Bush in Asia: friendly turf

Rebuffed in Latin America, he is set to push China to open its markets more broadly.

As President Bush arrives in Japan Tuesday, he can be grateful for one thing: He won't have a Hugo Chávez to contend with on a week-long trip to Asia.

Less than two weeks after a Latin American trip that got bogged down in the Venezuelan president's high-profile challenge to the American recipe for prosperity, Mr. Bush heads to friendlier territory.

With a focus on economics and security, the president faces little opposition from a dynamic Asia that has cooperated in the war on terror. Nor does he need to fear a rebuff, like the one dealt him at the Summit of the Americas in Argentina, when he attends an Asia-Pacific Economic Cooperation (APEC) meeting on Friday in South Korea.

"We could see some ugly scenes in Seoul, because anti-Americanism is running high there and the current government has a populist vein and is not above playing to the crowds," says Dan Blumenthal, a resident fellow in East Asian studies at the American Enterprise Institute in Washington. "But there's no Hugo Chávez there."

Bush travels to four countries - Japan, South Korea, China, and Mongolia - with his biggest challenge coming from China.

Trade issues and China's currency will top the agenda in Beijing. The US and China last week signed a three-year agreement to reduce the billions of dollars of China's clothing shipments to the United States.

Still, Bush is under pressure from a restive Congress to clamp down even more on Chinese imports and to threaten trade sanctions if China does not revalue the yuan. Congress wants such action in order to open up the huge market of 1.3 billion Chinese to American products.

A push for democracy

At the same time, Bush is under pressure from an alliance of conservatives and neoconservative foreign-policy idealists to do more to advance in China the international agenda of freedom and democracy he laid out in his inaugural address in January.

"The atmosphere in Beijing towards the US is quite positive right now, from their perspective everything is going hunky-dory," says David Shambaugh, director of the China policy program at George Washington University in Washington.

Just back from a trip to China, Mr.
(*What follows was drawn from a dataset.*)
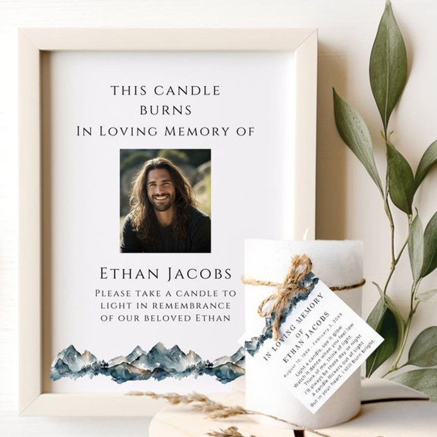 Each candle comes with a custom tag featuring your chosen message, name, or dates, creating a heartfelt tribute to your loved one. A matching A4 display sign is also provided, inviting guests to take one home in memory.
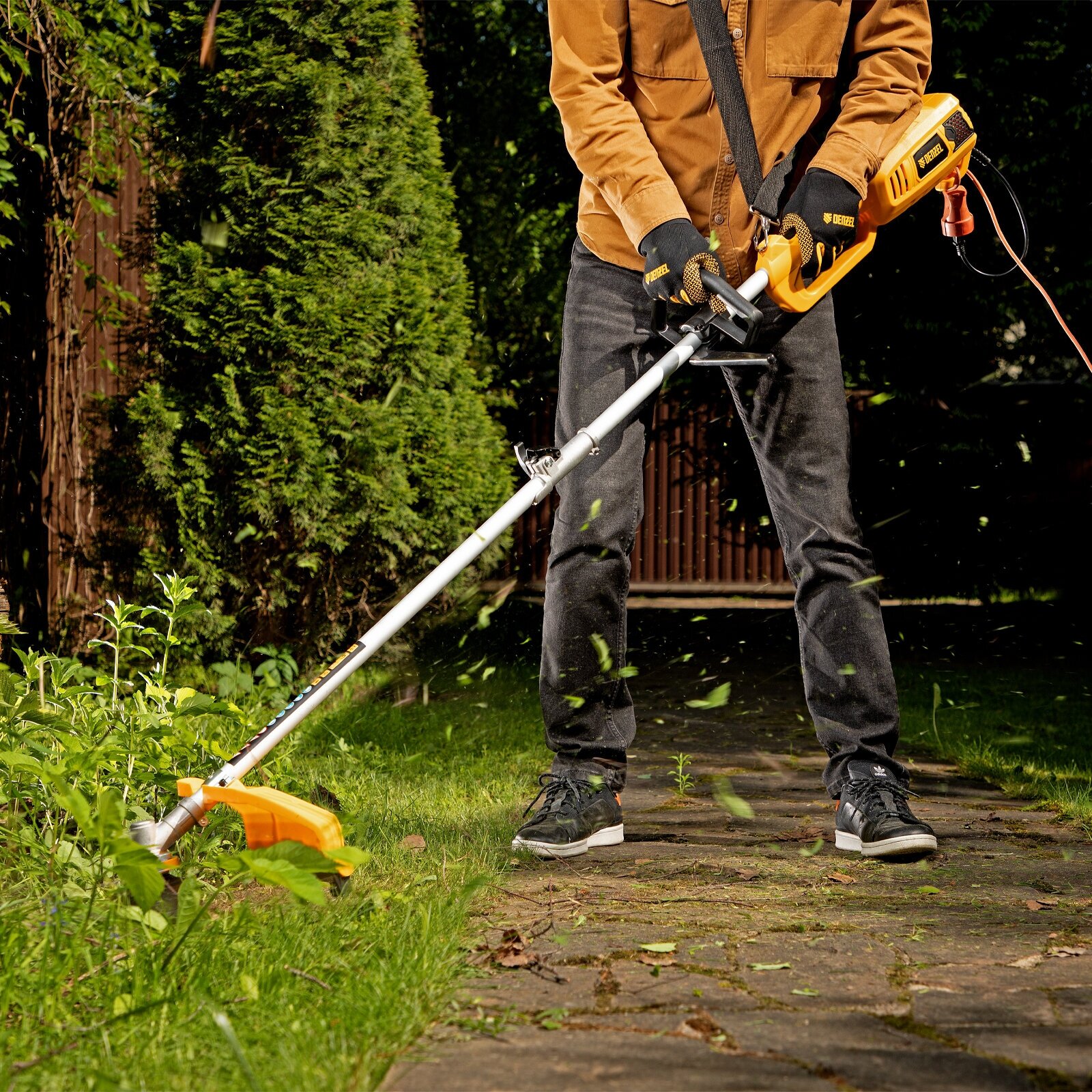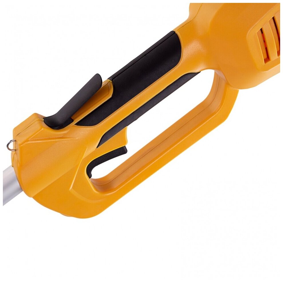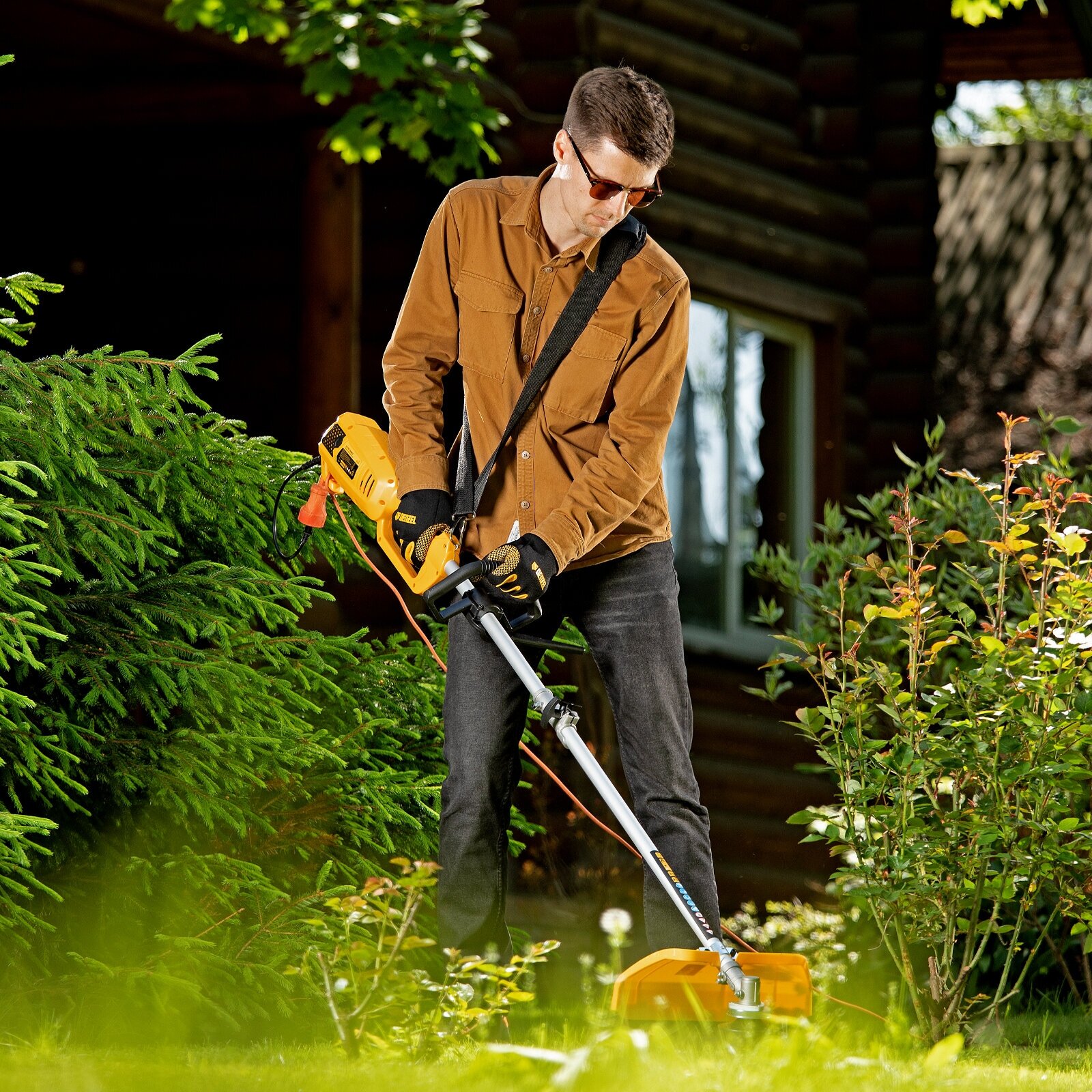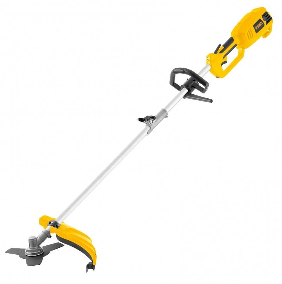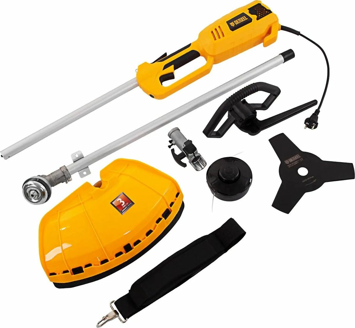 Электрический триммер Denzel TE-1220 96642 с разборной штангой предназначен для скашивания травы на дачном участке. Мощный двигатель на 1200 Вт обеспечивает вращение катушки на триммере и диска со скоростью 7500 об/мин. Ширина скашивания за один проход составляет 38 см при использовании лески и 25,5 при использовании диска, что удобно для работы на небольших участках. Электродвигатель не требует приготовления топливной смеси и сложного технического обслуживания. Благодаря отсутствию вредных выбросов и неприятного запаха работа триммера для газона не вредит здоровью и не вызывает дискомфорт. Преимущества: Расширенные возможности —, входящий в комплект поставки диск с посадочным диаметром 25,4 мм позволяет скашивать не только траву, но и молодой кустарник. Долговечность —, благодаря медной обмотке двигателя триммер для травы стабильно работает даже при высоких нагрузках. Безопасность —, блокировка выключателя препятствует случайному запуску, а защитный кожух предохраняет от летящей травы. Надежность —, термозащита предотвращает поломку триммера для дачи в результате перегрева. Быстрое обновление лески —, ее подача происходит при легком ударе катушкой о землю. Защита от вибраций —, рукоятка оснащена амортизаторами, что снижает дискомфорт во время скашивания травы. Снижение нагрузки на спину —, наплечный ремень равномерно распределяет вес садового электротриммера, что уменьшает усталость при длительной работе. Комфорт во время работы —, рукоятку можно установить в любом месте штанги для обеспечения наиболее удобного положения рук. Удобное хранение и транспортировка —, благодаря разборной штанге садовый триммер не занимает много места.

Shambaugh says the Chinese are satisfied with the direction even of traditionally prickly issues like Taiwan - but are bewildered by the "barrage of attacks and criticisms from different quarters in Washington" including the Republican right, neoconservative forces, human rights and democracy groups, and trade organizations.

US officials say Bush will bring up the full range of issues that figure in the US-China relationship, but that the president will stick to a more "realist" diplomatic tack that foresees gradual political change in China.

That won't please China's toughest critics here, but it is in line with what Chinese officials anticipate, Shambaugh says.

China's leaders "know they have to talk about the trade deficit and the revaluation of the yuan," he says. "They know they have to listen to Bush on human rights - but they won't discuss it with him."

Better military ties

The US and China are also likely to seal a deal on expanded military exchanges that Defense Secretary Donald Rumsfeld has been discussing with Chinese officials over recent weeks.

Bush is unlikely to come down too hard on the Chinese on economic issues or to take the same aggressive pro-democracy approach he is applying in the Middle East for one overarching reason, experts say: China is a world power with a veto on the United Nations Security Council.

Bush wants to foster cooperation from Beijing on several key international issues, including Iran and North Korea's nuclear programs, and Syria's influence in Lebanon and Iraq.

AEI's Mr. Blumenthal says he expects to see the White House take a two-pronged approach to China: public pressure on economic issues coupled with behind-closed-doors urging to improve democracy and human rights.

Bush is set to give a major speech on democracy in Kyoto, Japan, Wednesday in which he is expected to emphasize the benefits that democratic reforms would bring to the Chinese people.

"But once in China, the practice has been and will continue to be more private prodding on democracy and human rights - something unlike what we've seen in other countries" where Bush has taken his democratization agenda, Blumenthal says.

Deputy Secretary of State Robert Zoellick, the former US trade representative, recently took advantage of several days of talks with Chinese officials to criticize the country's communist political system.

Back seat to religion

The president may mention religious freedoms in public as a gesture to his political base, but Blumenthal says the greater pressure will come on the economic issues.

Earlier this month Washington pressured Beijing into accepting limits on its export to the US of certain textiles, and Congress would like to see more.

Bush is under a certain amount of bipartisan pressure to raise the threat of trade sanctions if China does not allow a further revaluation of its currency.

One reason Bush can expect relatively calm waters over much of his trip is that APEC is an organization focused on economic issues, an area where participating governments largely agree.

But Blumenthal notes that Bush is likely to move somewhat outside that box in bilateral meetings he has set with the president of Indonesia and the prime minister of Malaysia in the margins of the APEC meeting.

"Bush will take up the question of Islam and democracy when he meets with those two leaders," Blumenthal says, "so that's a bit of a switch."